To clarify the process by which the solar wind enters the Jovian magnetosphere, a research team lead by Go Murakami (ISAS/JAXA) is preparing to work with overseas researchers to conduct simultaneous in situ observations by NASA's Jupiter probe "Juno" and ISAS's Hisaki.

The research result was published in the 20 December 2016 issue of Geophysical Research Letters.

Artist's concept of this research

Artist's concept of this research

The solar wind is a high-speed plasma flow, which travels at several hundreds of kilometers per second. The planets of the solar system are continually bombarded by this wind. One important effect on the solar wind is that of the large magnetic fields of some planets, which act as a protective barrier.

Not every planet has such a barrier. Earth does, and its surrounding magnetosphere prevents the direct impact of the solar wind. However, some part of solar wind energy encroaches upon the magnetosphere, causing phenomena such as auroras and radiation bands. Mars and Venus, which do not have large magnetic fields, are directly affected by the solar wind, which even today blows part of their atmospheres into outer space.

Jupiter has a strong magnetic field, about 20,000 times stronger than Earth's, making it the largest and strongest in the solar system. Jupiter is furthermore much farther from the Sun than Earth is.
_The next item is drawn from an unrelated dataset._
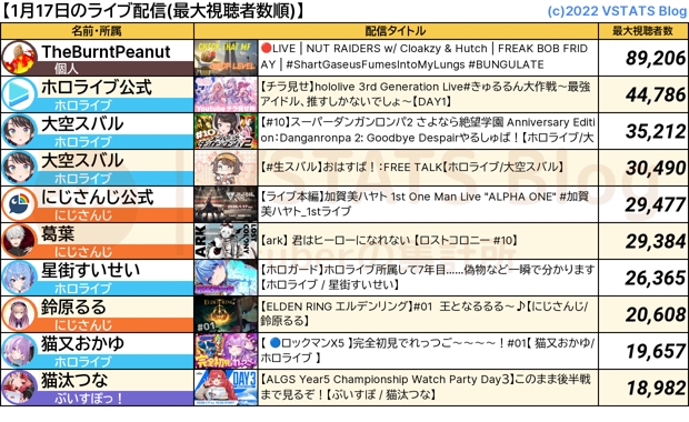 1万以上枠数】29枠個人(TheBurntPeanut, 結城さくな)ホロ17枠(ホロライブ公式, 大空スバル, 大空スバル, 星街すいせい, 猫又おかゆ, 獅白ぼたん, 白上フブキ, 博衣こより, 響咲リオナ, 風真いろは, 綺々羅々ヴィヴィ, 角巻わため, 森カリオペ, 古石ビジュー, 博衣こより, 綺々羅々ヴィヴィ, 音乃瀬奏)にじ5枠(にじさんじ公式, 葛葉, 鈴原るる, 鈴原るる, 狂蘭 メロコ)BraveGroup5枠(猫汰つな, Neo-Porte公式, 猫汰つな, 龍巻ちせ, 神成きゅぴ)

Because of these it was thought that the solar wind would not affect Jupiter, which lies deep inside its magnetosphere.

Even so, observations have been made suggesting an effect of the solar wind. This effect is seen in a plasma cloud (the Io plasma torus) caused by volcanic gas from the Jovian satellite Io, which is distributed in a donut shape at a distance of about six times the Jovian radius.

It was known that the brightness of plasma in the torus is asymmetric, being brighter on the evening side with respect to the Sun and darker on the morning side (Fig. 1). The causes of this asymmetry remained unknown, however, due to a lack of observational evidence.

Figure 1

Figure 1. Spectral image of the Io plasma torus near Jupiter, taken by Hisaki on 1 January 2014. The image shows the emission intensity of sulfur ions around Jupiter, following its rotation. The evening side clearly glows brighter than the morning side. (Source: Adapted from Fig. 1 in Murakami et al. (2016)).
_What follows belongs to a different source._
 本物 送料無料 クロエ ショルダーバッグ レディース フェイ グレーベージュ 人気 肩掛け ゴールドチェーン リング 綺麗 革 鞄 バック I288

Believing that the solar wind somehow influences this morning and evening asymmetry in the Io plasma torus, a research team led by Gō Murakami (ISAS/JAXA) used "Hisaki" to conduct long-term observations. Hisaki is a space telescope dedicated to planetary observations, enabling continuous, long-term observations of Jupiter. These observations lasted for over a month, during which the Io plasma torus was observed in extreme ultraviolet wavelengths.

Figure 2

Figure 2. Change over time of (a) morning and evening asymmetry in the Io plasma torus and (b) solar wind strength (dynamic pressure) as observed by Hisaki in January 2014. Arrows and dotted lines indicate times when strong solar wind arrived near Jupiter and asymmetric strengthening in the morning and evening (the evening side is brighter than the morning side) in the Io plasma torus. (Source: Adapted from Fig. 2 in Murakami et al. (2016)).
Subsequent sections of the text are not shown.